■ **What you have to do**:
The goal is an unaltered copy of the records below, minus any images.

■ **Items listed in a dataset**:

____

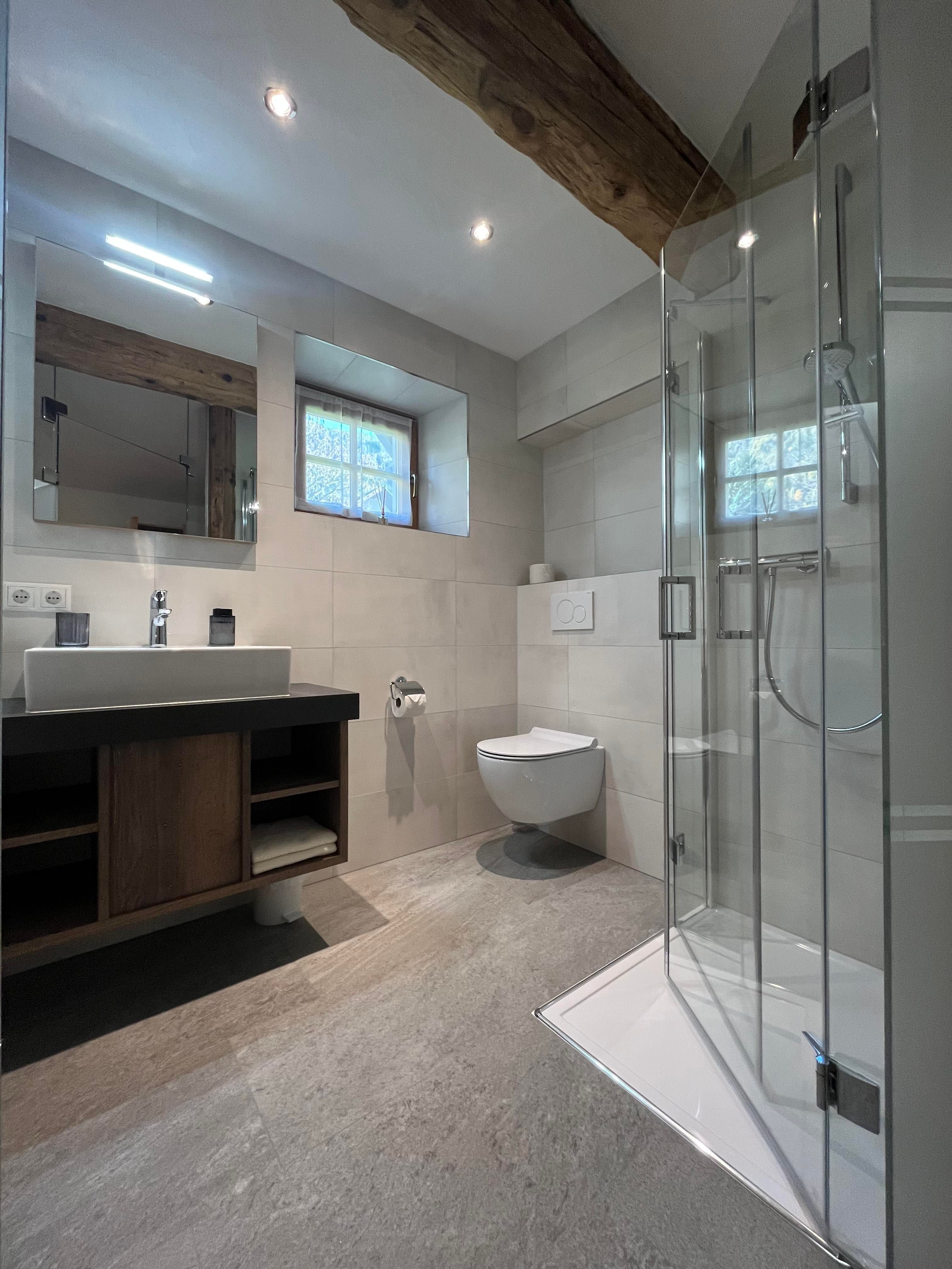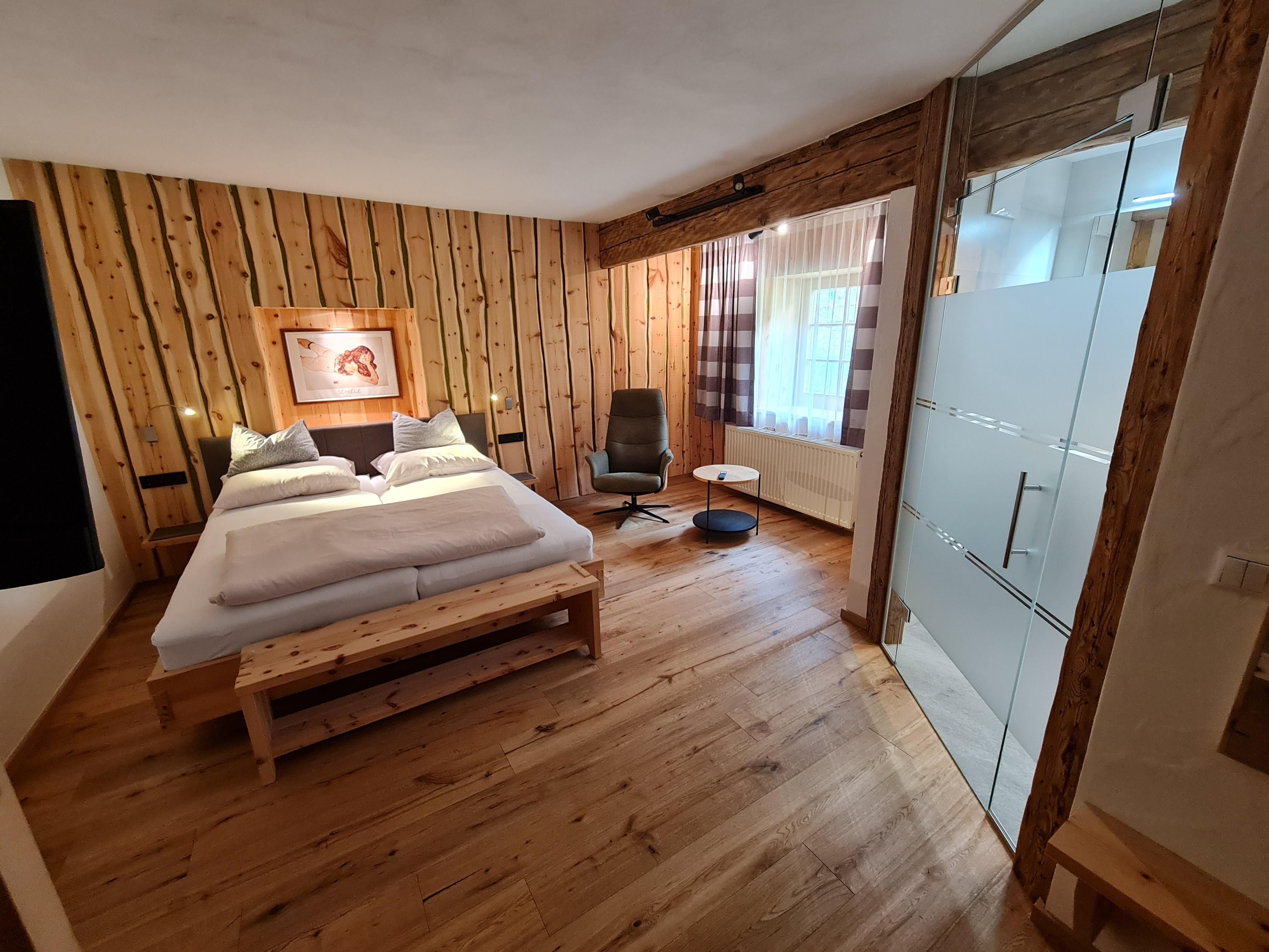Zu den beiden Apartments können wir nun auch zwei neue, schöne Komfortzimmer mit jeweils einem Doppelbett, Bad und WC im ersten Obergeschoss unseres Bauernhauses anbieten.
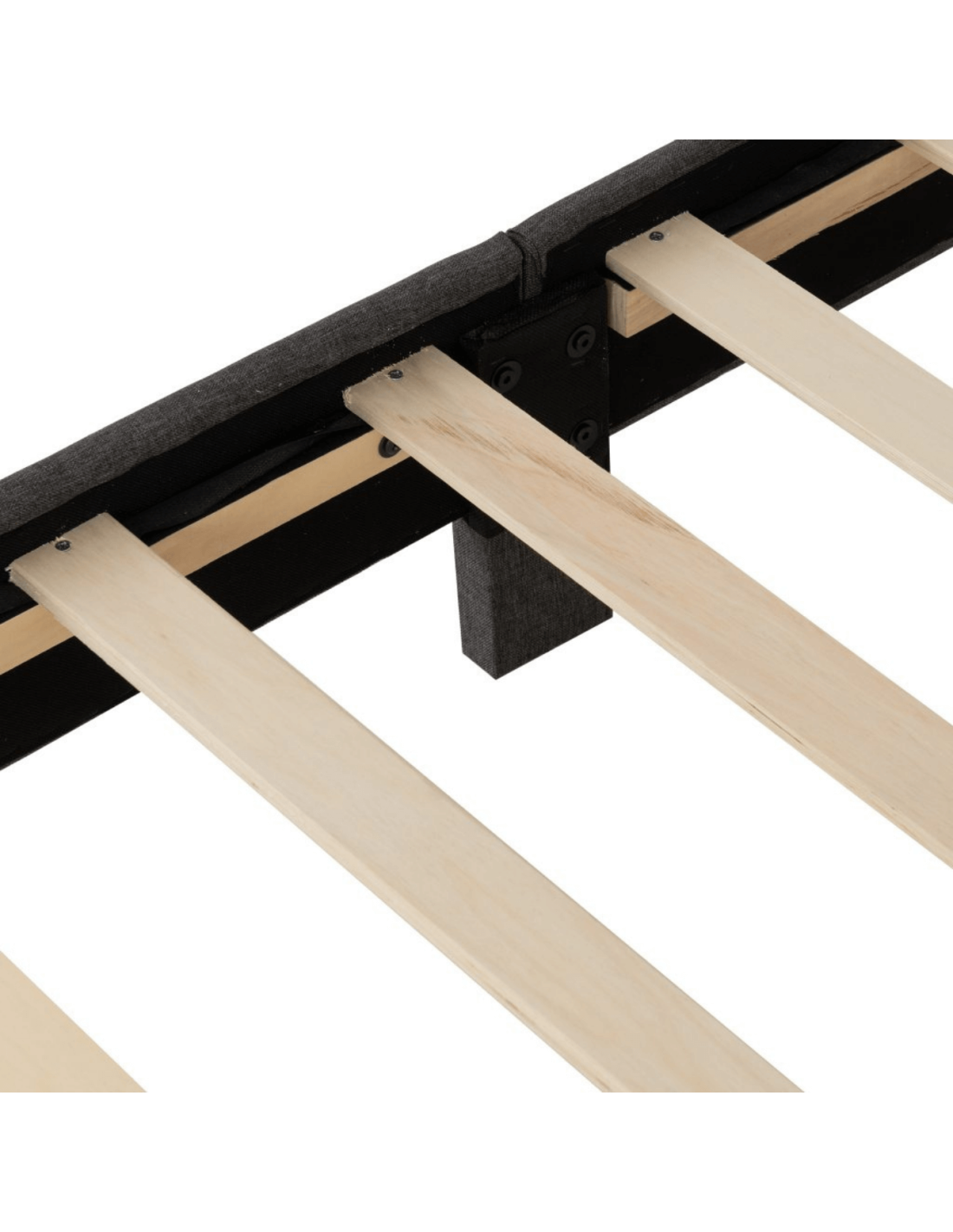 Reference: 200-203-135The Arran Bedframe brings a refined and contemporary style to your bedroom with its clean, squared upholstery and classic button detailing. Fully upholstered in soft grey fabric, the headboard and bed base offer a cohesive, tailored look. The bed base is wrapped in matching fabric all the way around, enhancing its polished design. Supported by sturdy wooden legs, this bedframe balances aesthetics with durability, making it a stylish and practical addition to any bedroom.
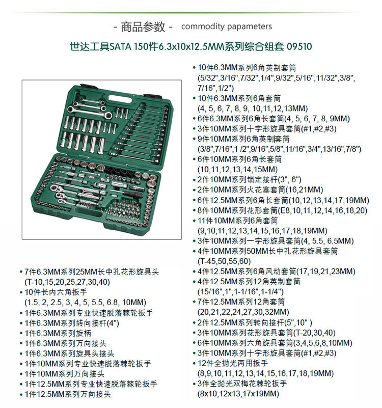 | 世达工具(SATA)150件综合套筒工具箱套装6.3x10x12.5MM系列/09510 | |||
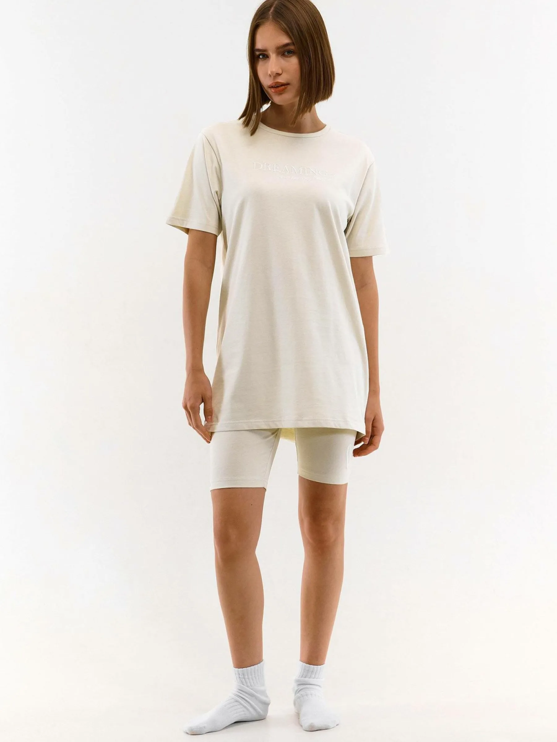 Kolor: beżowyKrój: regularTyp: piżamaDługość: krótkiPattern style: pojedynczy kolorDetal: z elastyczną opaską, …
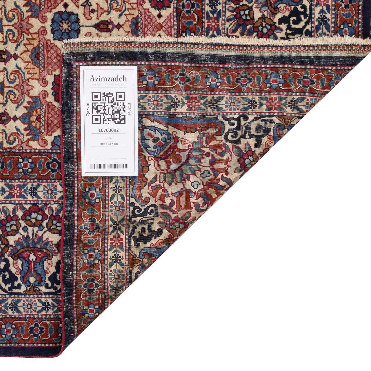سجادة يدوية عتيقة، تصميم كامل، صوف و سدى قطني، قزوين، 209 × 337 سم الكود 10700092
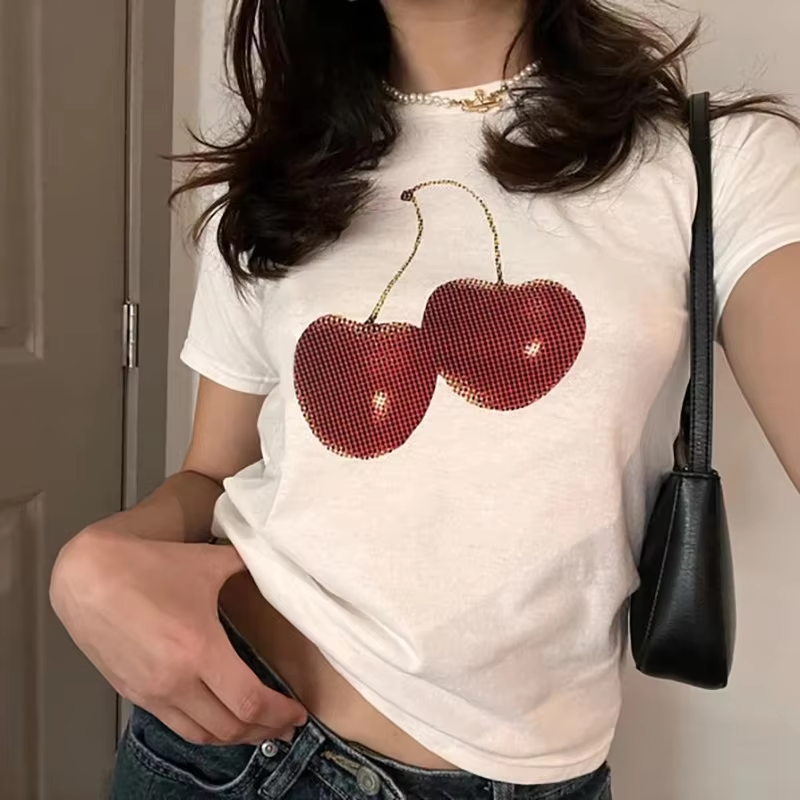 Y2K Cherry Bow Printed T Shirt Women Vintage T Shirt Trendy Cute Coquette Tee Shirt Short Sleeve Cottagecore

____

■ **Exercise output**:
Zu den beiden Apartments können wir nun auch zwei neue, schöne Komfortzimmer mit jeweils einem Doppelbett, Bad und WC im ersten Obergeschoss unseres Bauernhauses anbieten.
 Reference: 200-203-135The Arran Bedframe brings a refined and contemporary style to your bedroom with its clean, squared upholstery and classic button detailing. Fully upholstered in soft grey fabric, the headboard and bed base offer a cohesive, tailored look. The bed base is wrapped in matching fabric all the way around, enhancing its polished design. Supported by sturdy wooden legs, this bedframe balances aesthetics with durability, making it a stylish and practical addition to any bedroom.
 | 世达工具(SATA)150件综合套筒工具箱套装6.3x10x12.5MM系列/09510 | |||
 Kolor: beżowyKrój: regularTyp: piżamaDługość: krótkiPattern style: pojedynczy kolorDetal: z elastyczną opaską, …
سجادة يدوية عتيقة، تصميم كامل، صوف و سدى قطني، قزوين، 209 × 337 سم الكود 10700092
 Y2K Cherry Bow Printed T Shirt Women Vintage T Shirt Trendy Cute Coquette Tee Shirt Short Sleeve Cottagecore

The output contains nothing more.